The review of defense counsel’s representation is highly deferential and presumes that counsel’s actions fell within a wide range of reasonable professional assistance. Tong v. State, 25 S.W.3d 707, 712 (Tex. Crim. App. 2000). Appellant must overcome the presumption that, under the circumstances, the challenged action might be considered sound trial strategy. Jackson v. State, 877 S.W.2d 768 (Tex. Crim. App. 1994); Hayden v. State, 155 S.W.3d 640, 648 (Tex. App.—Eastland 2005, pet. ref’d). When the record is silent on the motivations underlying counsel’s tactical decisions, the appellant usually cannot overcome the strong presumption that counsel’s conduct was reasonable. Thompson, 9 S.W.3d at 813. In order to defeat Strickland’s presumption of reasonable professional assistance, “any allegation of ineffectiveness must be firmly founded in the record, and the record must affirmatively demonstrate the alleged ineffectiveness.” Id. at 814 (quoting McFarland v. State, 928 S.W.2d 482, 500 (Tex. Crim. App. 1996)). We do not inquire into trial strategy unless no plausible basis exists for trial counsel’s actions. Johnson v. State, 614 S.W.2d 148, 152 (Tex. Crim. App. 1981). When the record contains no evidence of the reasoning behind trial counsel’s actions, we cannot conclude that counsel’s performance was deficient.
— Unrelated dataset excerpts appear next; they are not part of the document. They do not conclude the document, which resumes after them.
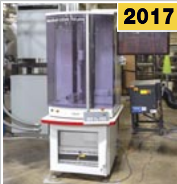
MAHR MARSHAFT Scope OMM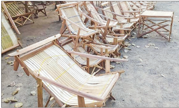
The toddy-palm chairs from Intawkyel village are displayed beside the road. The chairs are bought by the domestic travellers visiting the Bagan-NyaungU archaeological site, stopping their car.

THE people from Intawkyel village, Kyaukpadaung Township of Mandalay Region are manufacturing a lot of toddy-palm chairs and selling them in bulk, it is learnt.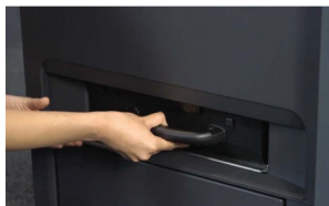
2. Insert UCD in chute.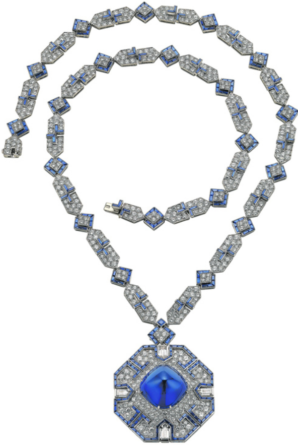
Bulgari pendant, 1969. Formerly from Elizabeth Taylor's private collection.

Jackson, 877 S.W.2d at 771.
Appellant has failed to name any witness who was available and whose testimony would have benefited him. A claim of ineffective assistance of counsel can be based upon an attorney’s failure to present witnesses only if the appellant can demonstrate that such witnesses were available and that their testimony would have been of benefit to him. Ex parte White, 160 S.W.3d 46, 52 (Tex. Crim. App. 2004). Appellant’s third point of error is overruled.
The judgment of the trial court is affirmed.
JIM R. WRIGHT
CHIEF JUSTICE
November 8, 2012
Do not publish. See Tex. R. App. P. 47.2(b).
Panel consists of: Wright, C.J.,
McCall, J., and Gray, C.J., 10th Court of Appeals.[1]
[1]Tom Gray, Chief Justice, Court of Appeals, 10th District of Texas at Waco, sitting by assignment to the 11th Court of Appeals.